No wonder then that so many value investors have their reservations about green stocks which have come out of nothing and are bid up to sometimes very high valuations based on a promise of strong future growth. Meanwhile, good old-fashioned utility stocks together with energy stocks and mining stocks have largely been ignored by the market and trade at cheap valuations vs. the market and their own history.
And now, those pesky investors come along and want value investors to integrate ESG into their portfolios. The knee-jerk reaction would be to expect that value investing and reducing the carbon footprint of a portfolio would be at odds with each other. The more you reduce the carbon footprint of a value portfolio, the more likely it is that you have to sell attractively valued stocks in energy, mining, or utilities and that will reduce your long-term expected returns.
Enter David Blitz and Tobias Hoogteijling from Robeco’s quant team. They have shown that value investors can reduce the carbon footprint of their portfolios by up to 50% without giving up any return. But before I discuss their report let me tell you a little secret. The folks at Robeco Quantitative Investments produce some of the best quantitative research for practitioners out there. You should definitely bookmark their webpage because their research is without fail of the highest quality and relevance. The only other asset manager that does similarly good work on a consistent basis is AQR.
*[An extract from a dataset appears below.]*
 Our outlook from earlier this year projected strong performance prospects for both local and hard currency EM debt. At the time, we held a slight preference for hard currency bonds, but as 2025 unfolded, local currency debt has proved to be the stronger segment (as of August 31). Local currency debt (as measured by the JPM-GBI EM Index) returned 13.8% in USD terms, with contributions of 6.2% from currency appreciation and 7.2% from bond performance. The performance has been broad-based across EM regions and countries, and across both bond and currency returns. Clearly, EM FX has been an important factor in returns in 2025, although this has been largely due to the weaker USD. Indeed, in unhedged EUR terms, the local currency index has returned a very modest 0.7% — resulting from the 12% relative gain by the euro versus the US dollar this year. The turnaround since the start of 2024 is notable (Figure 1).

In their latest white paper, they took the stocks in the MSCI World from 1985 to 2021 and asked themselves what the impact of a carbon tax is on the portfolio of value investors. In a more technical section, they show that introducing a carbon tax is the same as forcing a value investor to reduce the carbon footprint of the portfolio. And since that is for most professional value investors the practically relevant metric, I will go with the reduction in carbon emissions as an additional constraint on the portfolio.
Using EV/EBITDA as valuation metric or EBITDA/EV as the target earnings yield of the portfolio, they then examine if it is possible to reduce the carbon footprint of a value portfolio without reducing the earnings yield, essentially by calculating an optimised value portfolio with the additional constraint on carbon footprints. The chart below shows that for carbon taxes of up to $100/tCO2e or roughly a reduction of the carbon footprint of the unconstrained value portfolio by half, the earnings yield of the constrained portfolio stays virtually the same as for the unconstrained portfolio.
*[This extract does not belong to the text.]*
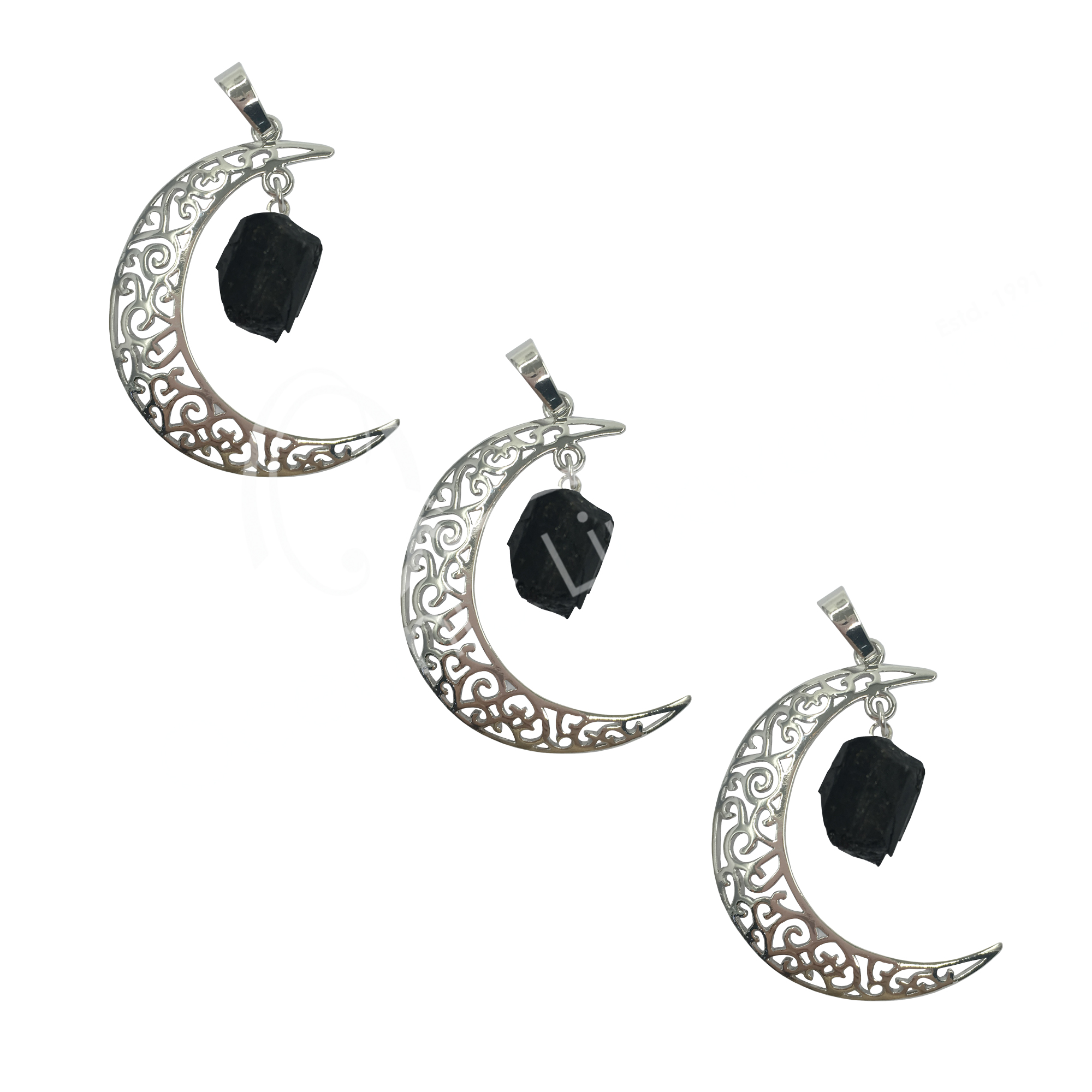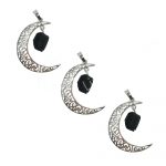 PENDANT – MOON WITH HANGING BLACK TOURMALINE (PK 3) 1.5″

The impact of carbon footprint reduction on the earnings yield of a value portfolio
Source: Blitz and Hoogteijling (2021)
More importantly, the outperformance of value portfolios based on EV/EBITDA as a valuation metric remains virtually unchanged for carbon footprint reductions of up to 50% from an unconstrained value portfolio. And if carbon footprints of an unconstrained value portfolio are reduced by half, the resulting value portfolio has about a 25% lower carbon footprint than an equal-weighted average of the stocks in the MSCI World. IT is only when one tries to reduce carbon footprints by more than half that the returns start to suffer.
Cumulative outperformance of value portfolios vs. MSCI World for different constraints on carbon footprints
Source: Blitz and Hoogteijling (2021)
Of course, the concern for many professional investors will be that the reduction in carbon footprint comes at the expense of different sector or regional exposures, so the researchers repeat the same exercise for a portfolio that is sector and region neutral vs. the MSIC World and they find that there is no practical difference. For carbon footprint reduction of up to 50% vs. an unconstrained value portfolio, there are no reductions in earnings yield or outperformance vs. the market. And to back it all up another time, they also show that the same results hold true in emerging markets.
Thus, one can be confident in saying that value investing and reducing the carbon footprint of a portfolio are not mutually exclusive. Value investors can be green and still remain true to their investment philosophy.